Pengelolaan Blok Rokan di Provinsi Riau akan berpindahtangan ke PT Pertamina (Persero) pada tahun 2021. Bisakah pengelolaannya memenuhi mandat konstitusi bila diamati dari paradigma konstruktivisme?
PinterPolitik.com
Pada pada 31 Juli 2018, pemerintah memutuskan Wilayah Kerja (WK) Minyak dan Gas (Migas) Blok Rokan dikelola oleh PT Pertamina (Persero) – selama ini sebelumnya dikelola oleh PT Chevron Pacific Indonesia – mulai 8 Agustus 2021. Berdasarkan data Satuan Kerja Khusus Kegiatan Usaha Hulu Migas (SKK Migas), pada semester 1 tahun 2018, rata-rata produksi minyak Blok Rokan mencapai 207.148 barel per hari (bph) atau 97 persen dari target 213.551 bph.

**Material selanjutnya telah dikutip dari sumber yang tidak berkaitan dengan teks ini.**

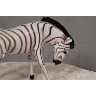 Le due zebre sono in vetro di Murano, bianche con striature nere. Gli oggetti sono di manifattura molto ricercata e finemente artigianale. Osservandole da vicino, oltre alla raffinatezza della sua fattura, si può percepire la maestria con cui il maestro ha realizzato l'opera, nonché l'espressione e la collocazione data alle due opere. Sicuramente un artista di altissimo livello. Le fornaci di Murano creano un indiscutibile design senza tempo. Raffinatezza e classe come è lo stile di Murano, pezzi unici che rimangono sempre preziosi. Misure ( 30 x 12, H 20 ) Inches ( 12 x 5, H 8 ).

Luas Blok ini mencapai 6.220 kilometer persegi (km2). Blok Rokan memiliki hampir 96 lapangan minyak tetapi lapangan yang tergolong memiliki potensi minyak besar hanya Duri, Minas, dan Bekasap.
Pertamina menyatakan siap mengucurkan investasi sekitar US$70 miliar atau sekitar Rp1.008 triliun (asumsi kurs Rp14.413 per dolar AS) selama 20 tahun untuk mengelola WK Migas Rokan di Riau. Investasi tersebut baru belanja modal dan belum termasuk belanja operasional sehingga bisa dikatakan investasi yang di kucurkan pemerintah melalui Pertamina adalah sangat besar.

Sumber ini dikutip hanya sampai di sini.